Below, locate the line that contains "Bring elegance and". Repeat exactly from that line to the line that contains "Рисунок 2. Показателей", inclusive, leaving out the pictures.
───── Provided records ─────
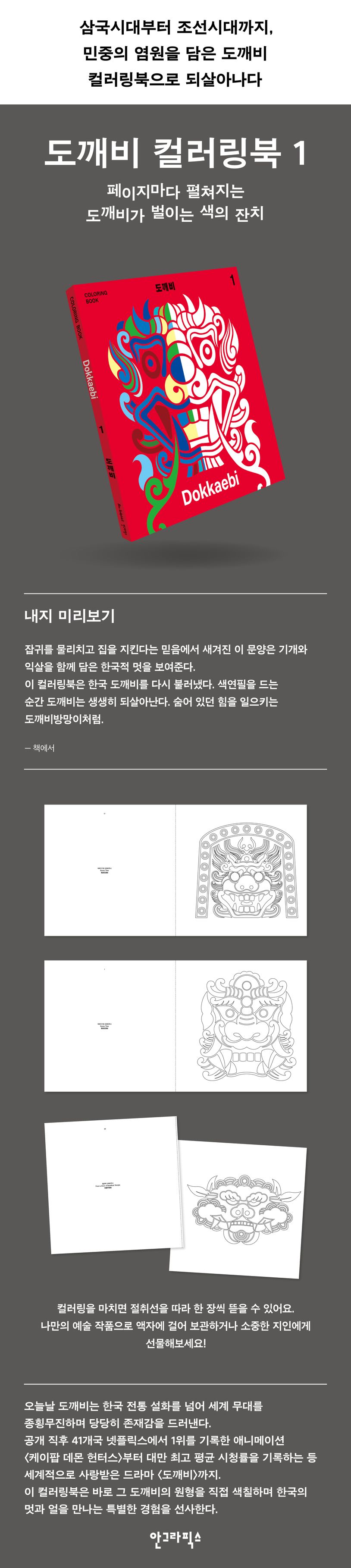 오늘날 도깨비는 한국 전통 설화를 넘어 세계 무대를 종횡무진하며 당당히 존재감을 드러낸다. 공개 직후 41개국 넷플릭스에서 1위를 기록한 애니메이션 〈케이팝 데몬 헌터스〉부터 대만 최고 평균 시청률을 기록하는 등 세계적으로 사랑받은 드라마 〈도깨비〉까지, K-콘텐츠에서 한국 도깨비는 신비로운 매력으로 모두를 매료시켰다. 이 컬러링북은 바로 그 도깨비의 원형을 직접 색칠하며 한국의 멋과 얼을 만나는 특별한 경험을 선사한다.
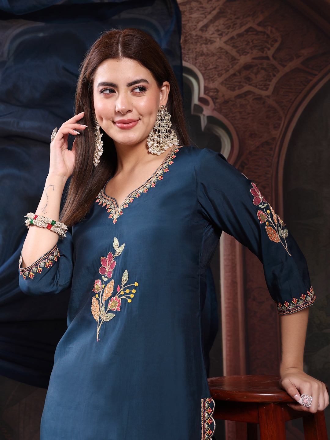 Bring elegance and charm to your ethnic wardrobe with this Teal Blue Embroidered Kurta Set from RAMA’S, featuring a matching palazzo and dupatta. Perfect for festive occasions, celebrations, or ethnic gatherings, this set combines traditional craftsmanship with modern design. The delicate embroidery enhances the rich teal blue shade, offering a graceful and sophisticated look. At RAMA’S, fashion is more than clothing—it’s a way to express your story without words.
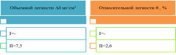 Рисунок 2. Показателей объемной и относительной легкости хлопко-шелковых рисунчатых трикотажных полотен
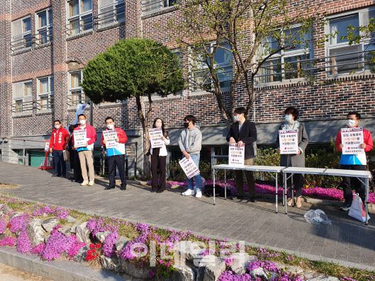 17일 오전 7시50분 PPAT 서울 고사장인 목동고등학교에서 국민의힘 당직자들이 응시생을 응원하고 있다. (사진=김유성 기자) |
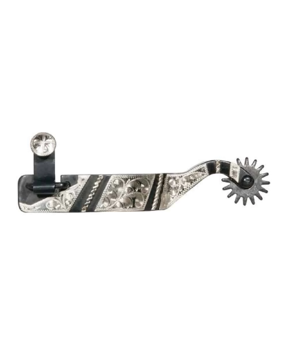 Band Width: 7/8″; Heel Width: 3″; Neck Length: 2″; Rowel Diameter: 1″; Multi Pointed Rockgrinder Spur Can Be Severe If Not Used Correctly; Sensitizes The Contact Point To Increase Responsiveness Instantly; Crafted From Stainless Steel With Highly Polished Black Finish; Engraved Sterling Silver Plate Overlay On The Outer Side; Hinged Spur Button Allows Straps To Be Attached Easily; Should Not Be Used By Inexperienced Or Novice Riders; Style #19441 LDS
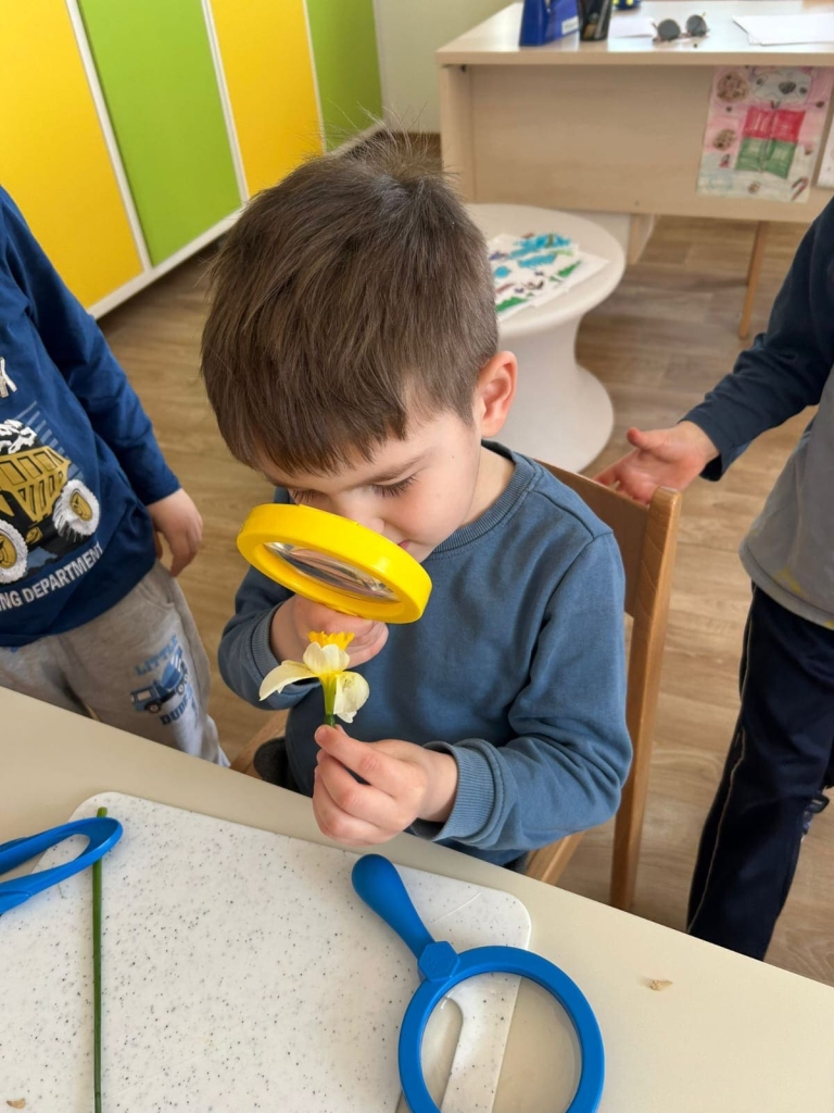 • promatranje pravog cvijeća i traženje „nektara“ pomoću pincete i povećala
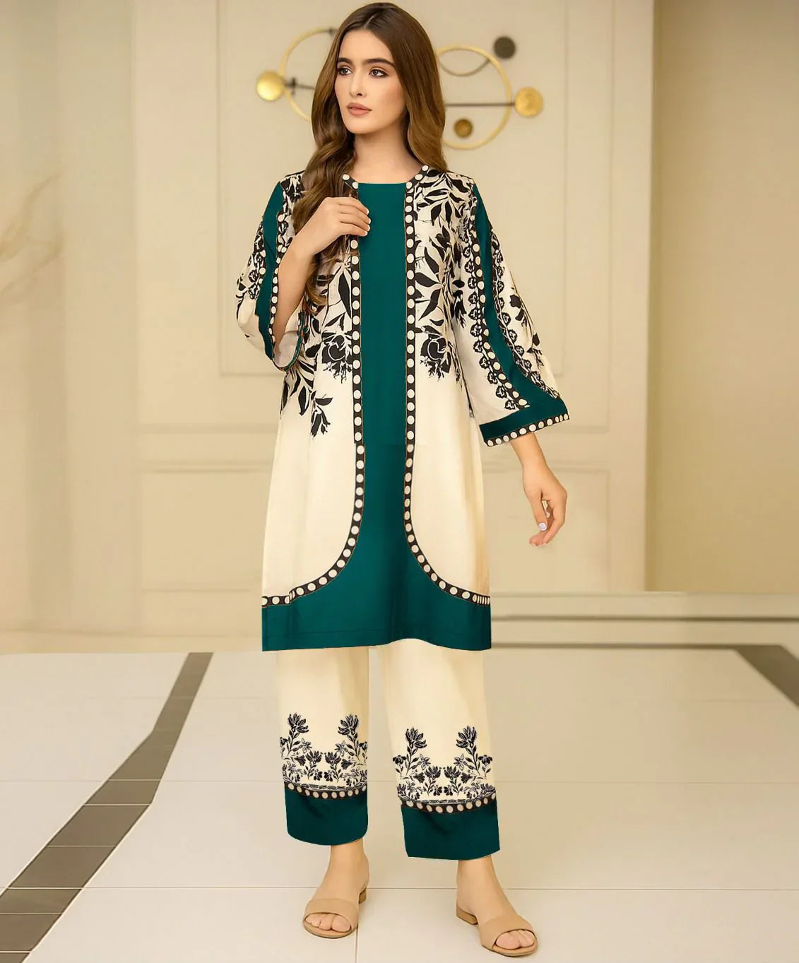 Experience elegance with the LuLuSar Printed Cord-set 2 piece crafted from premium crepe lawn fabric. This set features a digitally printed design that covers both front and back, ensuring a vibrant and durable finish. The breathable, lightweight material offers all-day comfort while maintaining a sophisticated look, perfect for both casual and formal occasions. Elevate your wardrobe with this expertly designed ensemble that combines style and quality seamlessly.
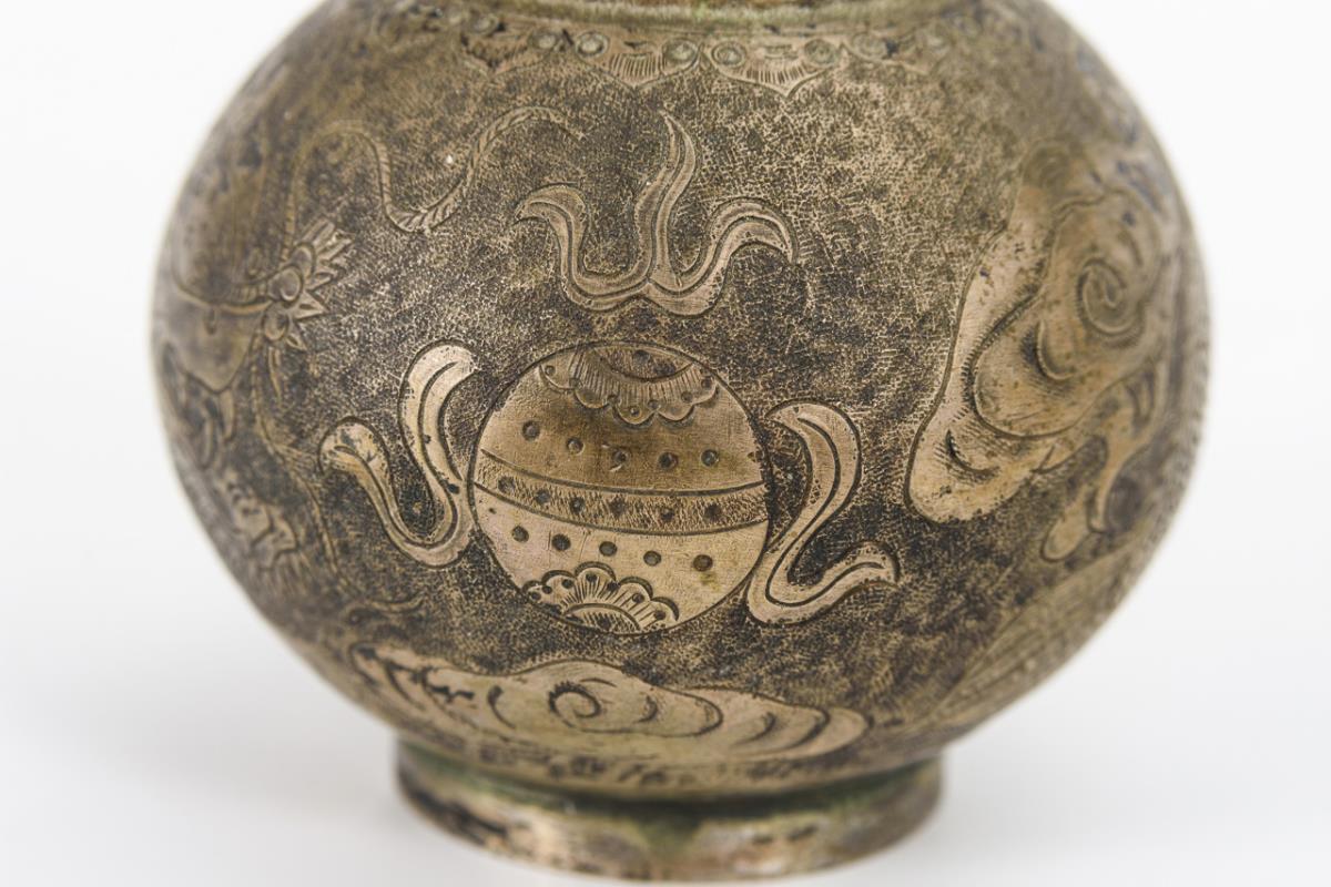 Graviertes Drachenornament und zwei kleine Handhaben, ebenfalls mit Drachenmotiv .
─────
(Result for this task)
 Bring elegance and charm to your ethnic wardrobe with this Teal Blue Embroidered Kurta Set from RAMA’S, featuring a matching palazzo and dupatta. Perfect for festive occasions, celebrations, or ethnic gatherings, this set combines traditional craftsmanship with modern design. The delicate embroidery enhances the rich teal blue shade, offering a graceful and sophisticated look. At RAMA’S, fashion is more than clothing—it’s a way to express your story without words.
 Рисунок 2. Показателей объемной и относительной легкости хлопко-шелковых рисунчатых трикотажных полотен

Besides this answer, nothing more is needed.